The fact of the matter is that people pump out arbitrary numbers when it comes to doses. Why do people tell others to run '500mg of test'? Why 400mg of tren? Why 300 mg of this, and 250 mg of that? Why? Because they don't know. Most of the time these numbers are arbitrarily made up. What I am presenting here is this: closely analyze the characteristics and stats of a particular compound (in this case we are looking at tren), and develop your cycle and dosing protocol based on the stats! There is no need to run 500mg of tren on your first tren cycle. The reason why I would reccomend far less than that is because when you look at trenbolone's characteristics and see that it is 5x as anabolic as testosterone, you see that it is evident you don't need very much to make dramatic physique changes.


For a first-time tren run, I believe one should be able to garner some very great gains off of 100mg test prop and 250mg tren per week (remember, you'd need 1,250mg test to achieve what 250mg tren does). Hell, 300-400mg tren per week produces great results with still minimal undesireable sides. And there is absolutely no reason to increase tren dosages with every tren cycle you do. For example, if you do 250mg on your first tren cycle there is absolutely no need to think you'll need to run 500mg on the next one, and then 750mg on your 3rd run, and so on and so forth. That's just plain stupidity. Remember, this beautiful compound is so strong that you don't need huge doses to elicit great gains, and the lower your dose is, the less undesireable side effects for the most part. And the beauty with tren is that it is so strong on a mg for mg basis that if you run it at a low dose, you're not losing out on your gains! You don't need a whole lot. Tren is one of those compounds where a little goes a long way. That is my personal saying and rule for tren. Remember that.




FREQUENTLY ASKED QUESTIONS ABOUT TRENBOLONE




Q: Can I run tren alone?


NO. Testosterone at least in some dose must be run with it in order to maintain proper normal bodily functions that testosterone is responsible for. Trenbolone is a very strong compound, and is highly suppressive on your natural testosterone production. Trenbolone, although a very strong anabolic and androgen, does not perform the same way testosterone does in other important areas in the body. Always run testosterone with anything you plan to use.
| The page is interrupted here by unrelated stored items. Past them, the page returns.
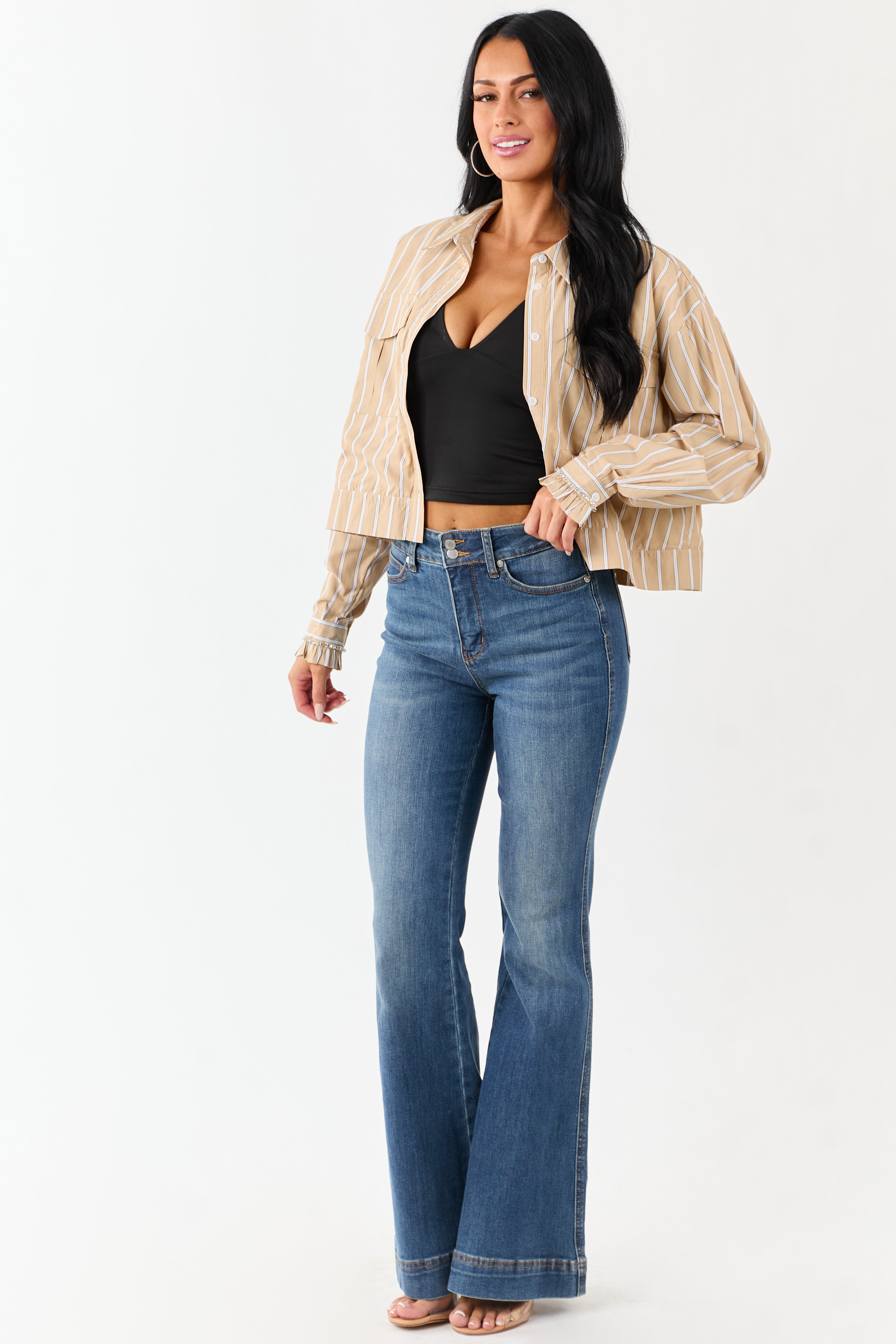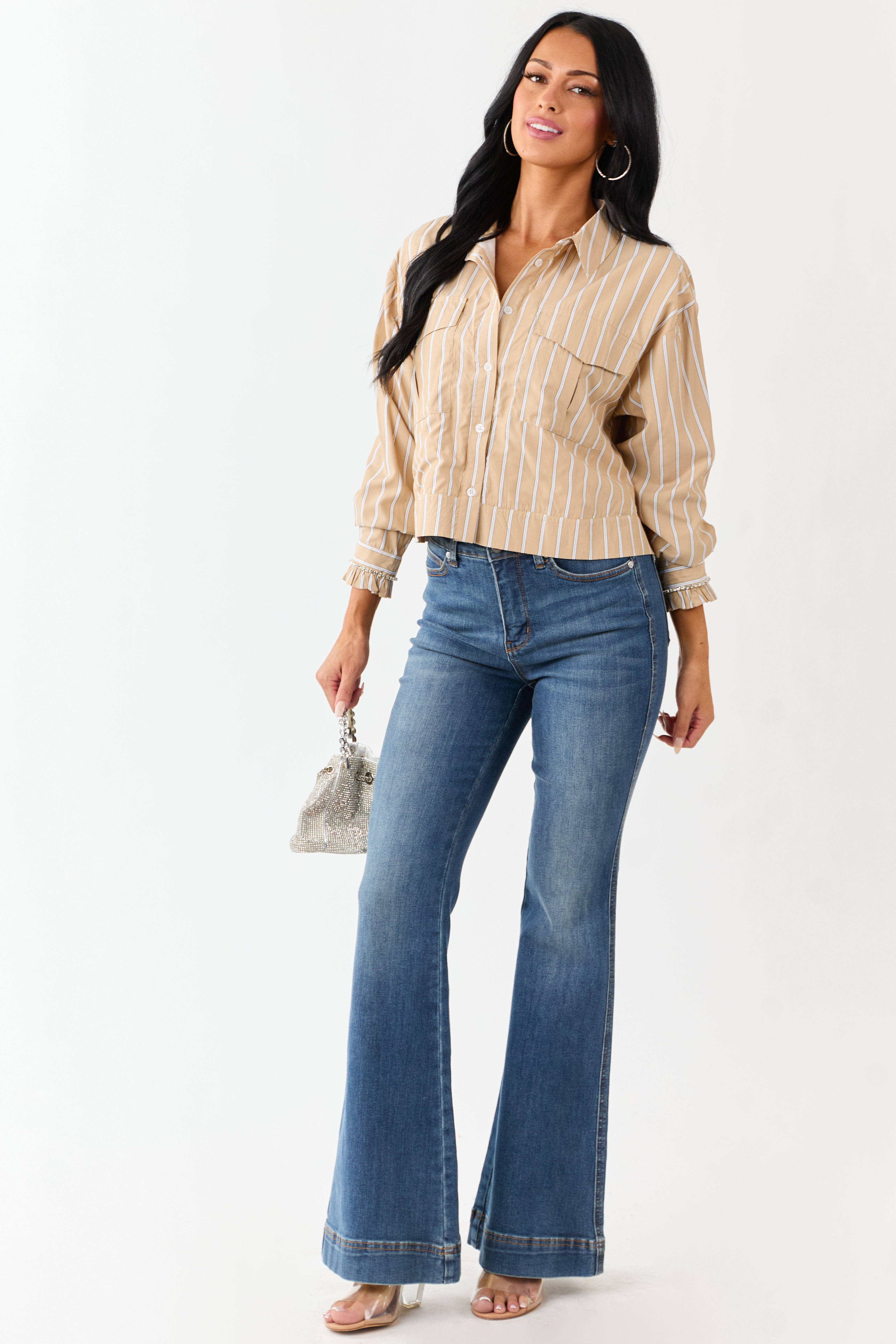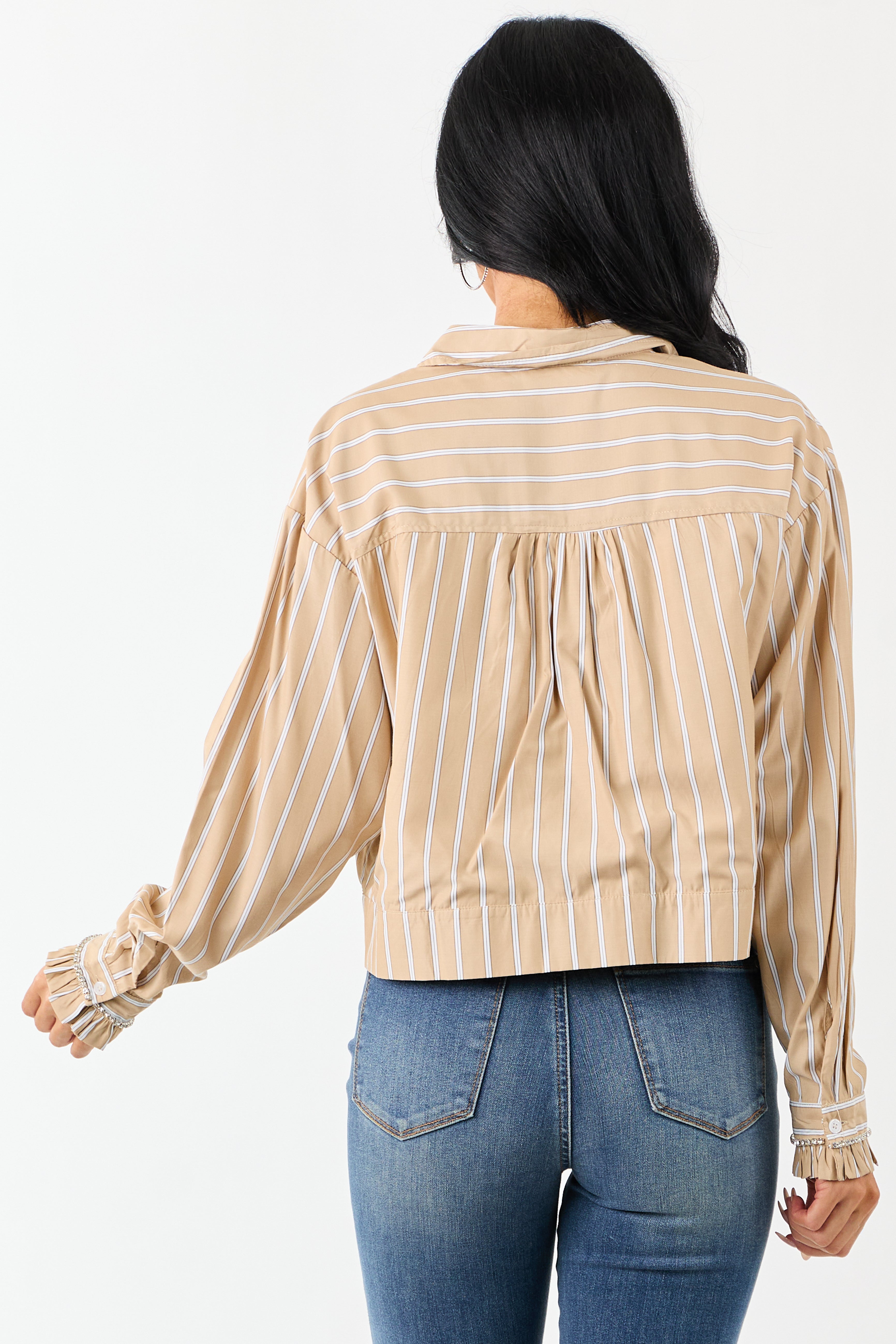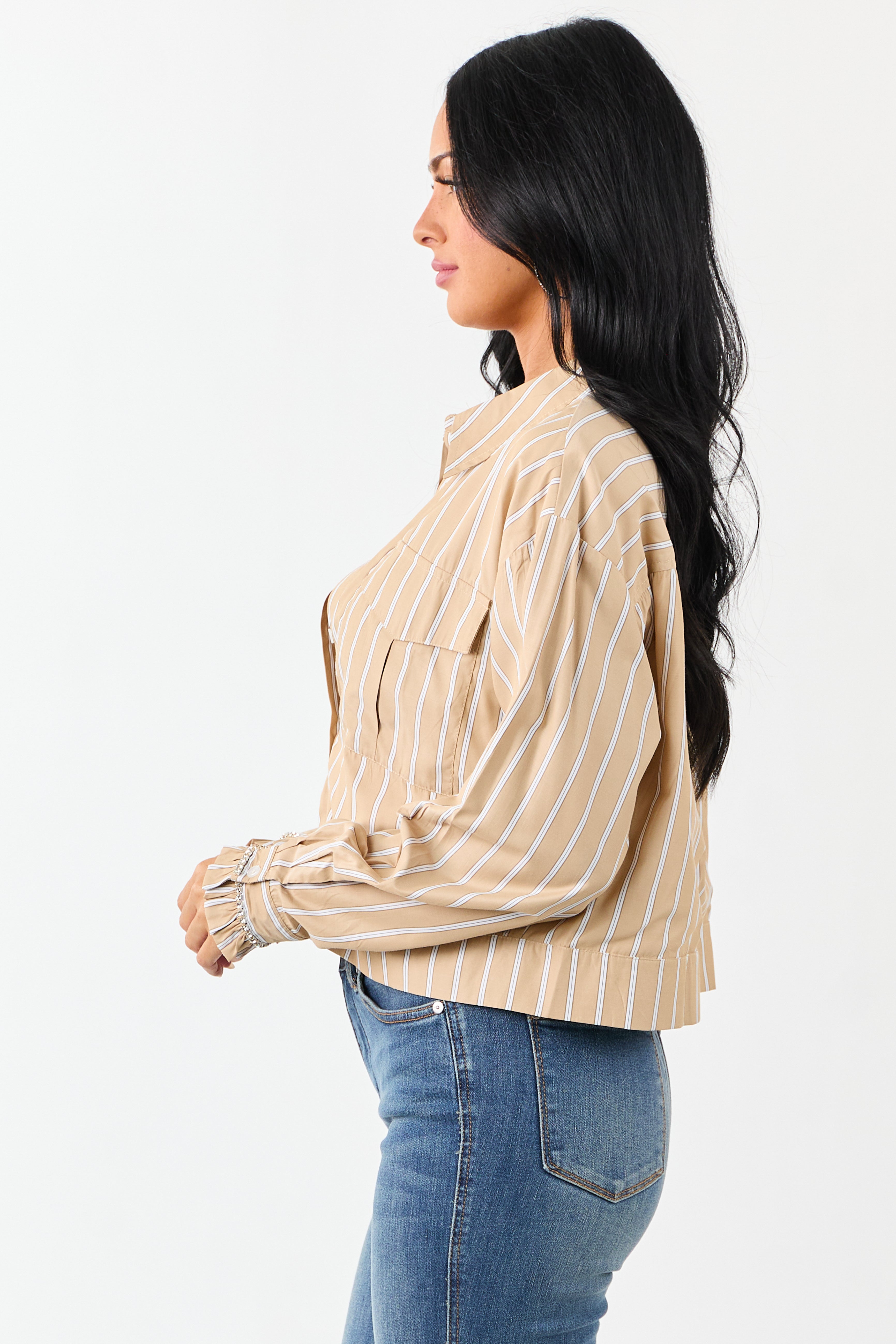 This beige cotton top in S M L sizes features stripes in taupe, white, and black, button cuffs with rhinestone ruffle trim, chest pockets, and a slightly cropped length for a stylish look. Made of breathable non-stretchy cotton with a boxy fit, this top is perfect for any casual setting. The relaxed fit top offers a pop of rhinestone attitude on the cuffs and is lined with 100% polyester for added comfort. Imported. Model is wearing a size Small. Model’s profile: Size 1, Height 59″, Bust 34″, Waist 26″.
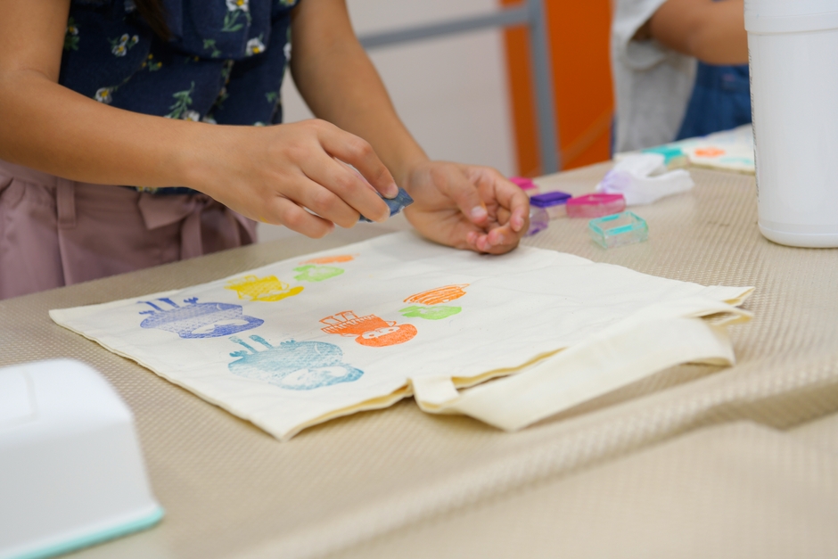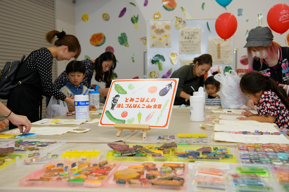 消しゴム版画イラストレーター ・とみこはんの食べ物をモチーフにしたはんこなど100個の中から、お好みのはんこをエコバッグに押すワークショップです。
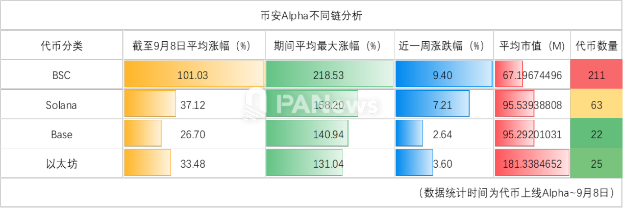 从链的分布来看,目前上线的代币当中,Base 链有 22 个,平均涨幅达到 26%;BSC 链的代币数量有 211 个,平均涨幅达到 101%;以太坊链上的代币有 28 个,平均涨幅约为 33.4%;Solana 链上的代币有 64 个,平均涨幅约为 37%。
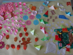 「6年生を送る会」の準備。 5年生を中心に,全学年で進めています。 2年生が植木鉢を飾り付け,4年生がお祝いの花にメッセージを書き込みました。
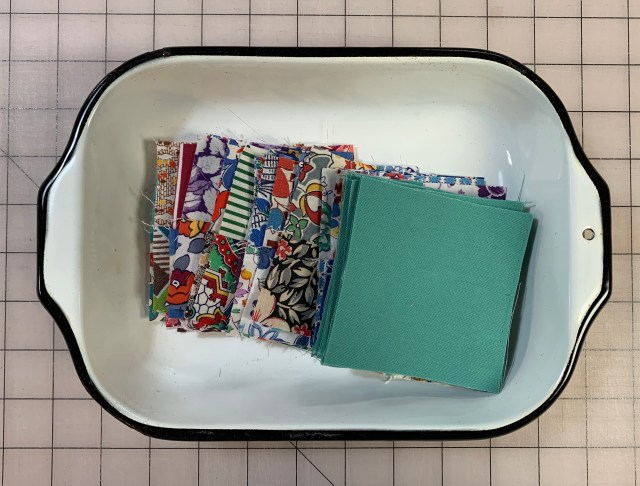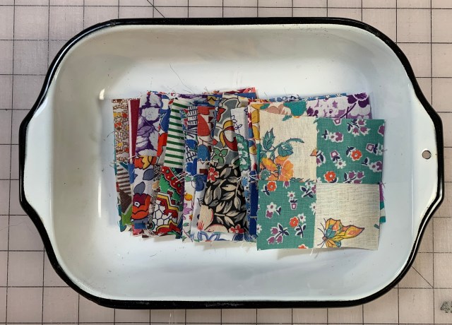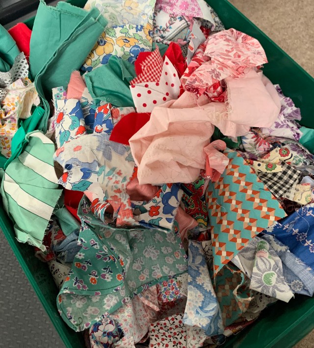 I saw a little quilt on Pinterest and decided I had to make it. So I pulled out this bin of vintage scraps.
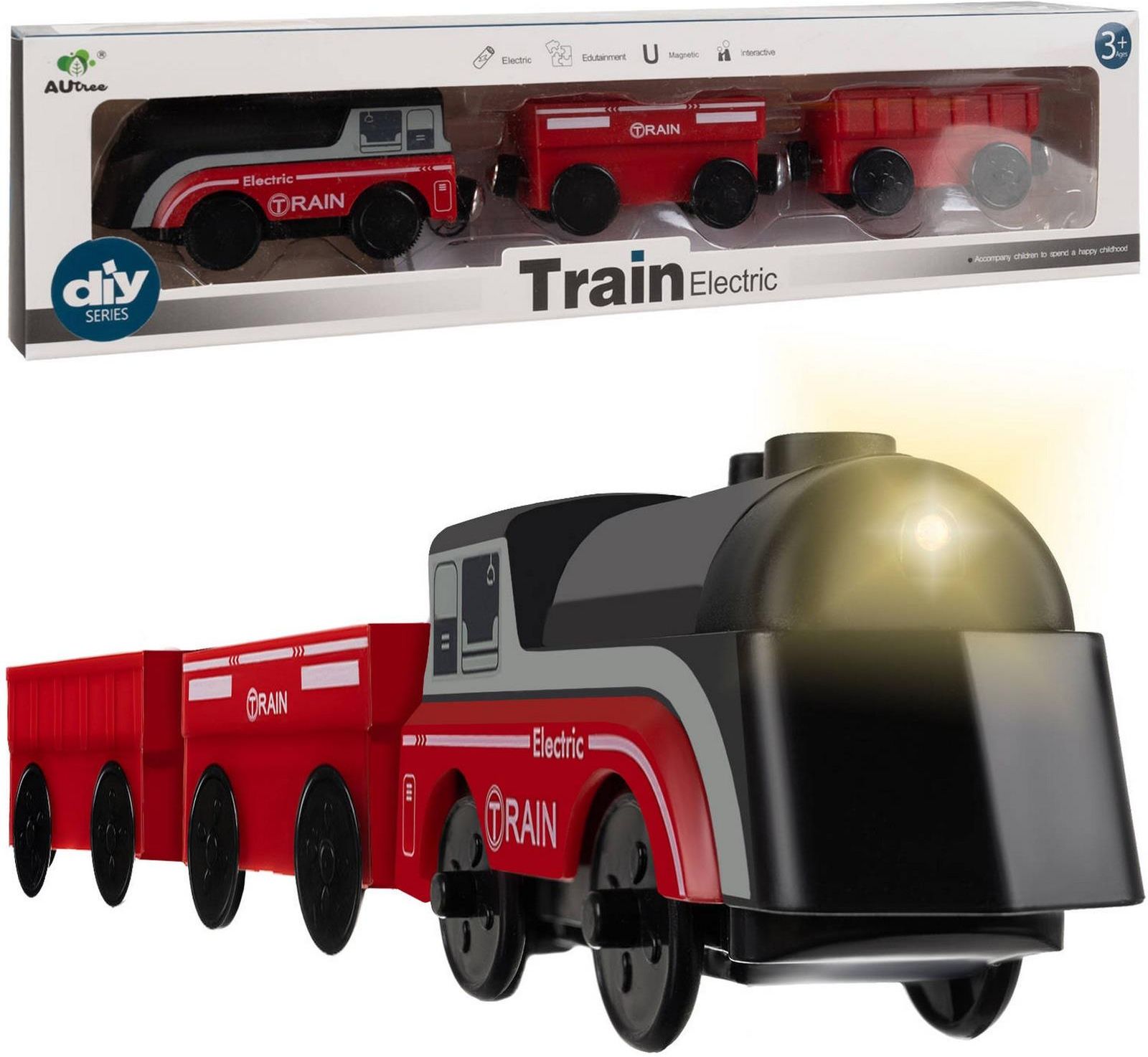 Elektryczna kolejka z lokomotywą i magnetycznymi wagonikami. Realistyczna zabawka z efektem świetlnym, idealna do rozwijania wyobraźni i zdolności manualnych dziecka. Świetna zabawa dla chłopców i dziewczynek!
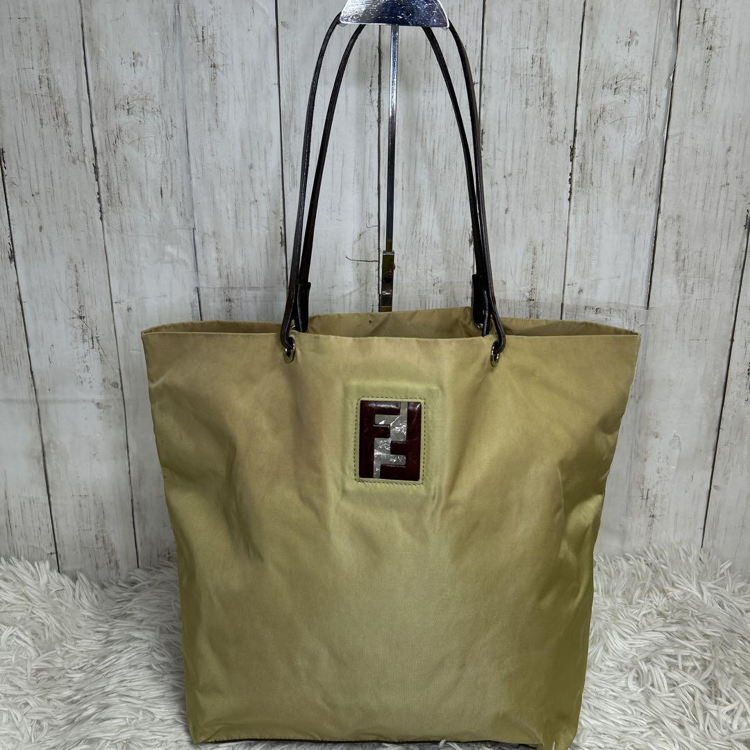 Fendi Tote Bag Nylon FF Logo Yellow Green Khaki Leather Trim /Used++ Features **FENDI Vintage Handbag** This stylish FENDI handbag is perfect for fashion enthusiasts looking for a unique accessory. - **Brand**: FENDI - **Style**: Vintage - **Exterior Color**: Yellow-green, Khaki, Brown - **Size**: Height 33 cm, Width 29 cm, Depth 13.5 cm - **Condition**: Pre-owned with slight scratches and stains; please consider this before purchasing. This handbag is a great addition to any wardrobe, offering both functionality and a touch of luxury. Item Specifics: - C:Exterior Material: Not specified - C:Style: Vintage - C:Exterior Color: Yellow-green, Khaki, Brown - C:Department: Women - C:Size: Height 33 cm, Width 29 cm, Depth 13.5 cm - C:Condition: Pre-owned with slight scratches and stains - C:Country/Region of Specifications Brand Fendi Country Japan Department Woman Theme Bag Item Title Fendi Tote Bag Nylon Ff Logo Leather Yellow Green Khaki Payment Supports managed payments Please pay within 5 days after auction is finished. About Us We are located in Japan. It's our pleasure to make you happy by proposing our recommend item. If you have any questions or request about items, please feel free to ask us. International Buyers - Please Note: -Import duties, taxes, and charges are not included in the item price or shipping charges. These charges are the buyer's responsibility. -Please check with your country's customs office to determine what these additional costs will be prior to bidding/buying. -These charges are normally collected by the delivering freight (shipping) company or when you pick the item up - do not confuse them for additional shipping charges. -We do not mark merchandise values below value or mark items as - gifts - The US and International government regulations prohibit such behavior. Thank you for your understanding.
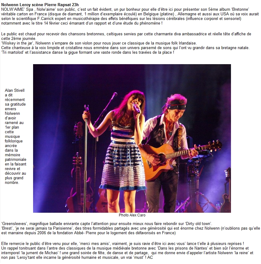 Bretonne (2011 – 2012) Agde Agen Ajaccio Albert Arcachon Arques Aurillac Avranches Biarritz Bobital Bogny-sur-Meuse / Festival Aymon Folk Brest Bruxelles Carcassonne Cavalaire-sur-Mer Chalons-en-Champagne Châteauroux Clermont-Ferrand Colmar Cosnes-sur-Loire Dax Dijon Dôle Enghein Epernay Evry Gap Géménos Genève Grenoble Guingamp Issy-les-Moulineaux La Courneuve La Perrière La Rochelle Landerneau Lausane Le Cannet Le Mans Le Plessis Trévisse Le Touquet Liège Liège Lille Lille Luçon Ludres Luxeuil Macon Marseille Marseille Meaux Mouilleron-le-Captif Moulins Nantes Noisy-le-Grand Olympia Palaiseau Plouezec Porcieu-Amblagneu Pornichet Port-Barcarès Poupet Quimper Ramatuelle Rennes Roanne Saint-Avold Saint-Laurent-de-Cuve Saint-Maurice Saint-Maximin-la-Sainte-Baume Saint-Paul -La Réunion Saint-Sébastien-sur-Loire Salon de Provence Salon de Provence Saugues Spa Strasbourg Tours Valencienne Valognes Vannes Vienne Zénith de Paris

Q: Can I run tren on my very first cycle?


You can do anything you want, but I hightly advise AGAINST IT. I do know people who have used trenbolone on their first cycle with no problems, but they are the exception - not the rule. Trenbolone, as mentioned above, carries side effects that are not seen with any other anabolic steroid. When a first-time beginner user encounters some of the side effects from tren, it will be very difficult for him to understand what is happening and why, and how to deal with it. Ultimately, you will end up hurting yourself. Tren is a compound for the intermediate and experienced user ONLY. How many cycles in should you throw tren in, depends on you, your understanding, your education on the matter, and your experience. There is no general rule for how many cycles you require under your belt before running tren. I have seen some brilliant people who grasped the knowledge of AAS so well that they ran tren on their second cycle and coped quite well. Again: the exception - not the rule.


It is ideal to run testosterone only for your first cycle, as testosterone is the basis by which all other anabolic steroids come from. It is THE original anabolic steroid. It only makes sense considering that your body ALREADY produces testosterone, and that you are merely putting more of something your body already produces inside you. Therefore it stands to reason that should you react adversely to testosterone, then chances are you will react worse to other anabolics. We use testosterone as a baseline by which all other anabolic steroids are measured, and we use it to gauge our body's natural reactions to it seeing as though it is the #1 anabolic steroid our bodies are already used to (after all, it is what our body already produces). After your first cycle or 2 (or 3 or more) of test-only, then you can branch out into other compounds and manipulate and test out different cycling techniques. 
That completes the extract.